1.    Major indexes weekly performance 

2.    U.S stocks weekly wrap 

3.    S&P 500 sector index weekly/month performance 

4.    China/Hong Kong stocks weekly wrap 

5.    Singapore stocks weekly wrap 

6.    Major indexes weekly chart and technical support & resistance levels

U.S.

For the week of Dec 20, major stock indexes declined during the week, although a rally on Friday helped major indexes recover some of their lost ground. Losses were broad-based, though smaller-cap indexes generally fared worst. The event dominating sentiment during the week appeared to be the Fed’s rate announcement following its highly anticipated policy meeting that concluded Wednesday. Refer to below major indexes performance table for the week.

Key highlights for the week and next:

1.    Fed rate cut. At final FOMC meeting of 2024, the Fed did cut rates by 0.25%, bringing the fed funds rate to 4.25% - 4.5%. However, it caught markets off guard with a hawkish tilt to its updated economic projections and indicated only two rate cuts in 2025, below the September estimate of four rate cuts. Markets initially reacted negatively, with bond yields moving higher and stocks moving sharply lower. The Fed pointed to two reasons for its more cautious approach to rate cuts – the outlook for inflation and the unknowns around tariff policy in the year ahead. 

2.    A strong U.S. economy. The Q3 annualized GDP figures came in at 3.1%, above forecasts of 2.8%, driven by healthy consumption of 3.7%. The Fed GDP-Now forecast also calls for Q4 U.S. GDP to come in around 3.2% annualized. This data confirms that U.S. economic growth is on pace to end the year above trend, which is typically in the 1.5% - 2.0% range.

3.    Friday morning’s release of the personal consumption expenditure (PCE) inflation report. The core PCE index—the Fed’s preferred measure of inflation—rose by 2.8% year-over-year in November, in line with October’s reading and slightly lower than consensus expectations. The better-than-feared report seemed to help push stocks higher on Friday to finish the week above their worst levels. 

SPX sectors in play

All the 11 SPX sectors recorded weekly losses. Technology(XLK) stocks outperformed relatively better while Energy(XLE) lagged. Refer to below SPX sectors ETF weekly performance table.

Indexes technical levels

All the three major indexes closed lower this week. Nasdaq Composite(COMP) recorded 1st weekly loss after four-weekly up streak, SPX closed 2nd weekly down and Dow closed with 3rd weekly loss. All three indexes weekly charts are still in uptrend while Dow closed below its 50dma, SPX closed just above its 50dma and Nasdaq still well above its 50dma. Click below three indexes for their weekly charts.

DJI weekly chart

SPX weekly chart

Nasdaq weekly chart


China/HK

China stocks retreated as disappointing data raised concerns about the economy. The Shanghai Composite Index(SSE) fell 0.7%, while the blue chip CSI 300 lost 0.14%. In Hong Kong, the benchmark Hang Seng Index declined 1.25%. (Refer to the above weekly performance table).

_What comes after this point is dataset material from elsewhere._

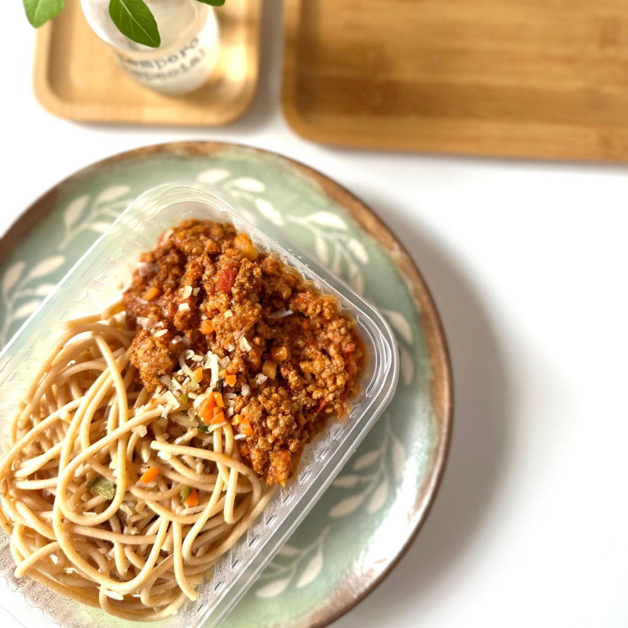 Deliciosa bolonhesa de carne moída com molho de tomate caseiro e espaguete integral

Key highlights for the week and outlook for China/HK:

1.   China November activity data pointed to the uneven nature of China’s recovery amid a looming trade war with the U.S. Retail sales expanded a below-consensus 3% from a year ago, down from October’s 4.8% rise and highlighting Chinese consumers’ unwillingness to spend. Fixed asset investment grew 3.3% in the January to November period, lagging forecasts, and less than the 3.4% increase in the calendar year to October. Property investment in the period fell 10.4%. Industrial production was a bright spot, rising a better-than-expected 5.4% from a year earlier amid demand for robots, passenger cars, and solar panels. 

2.    China's youth unemployment rate eased for the third consecutive month after hitting its highest level this year in August. The jobless rate for 16- to 24-year-olds, excluding students, was 16.1% in November, down from 17.1% in October, according to official data. Urban unemployment remained steady at 5%, as expected. 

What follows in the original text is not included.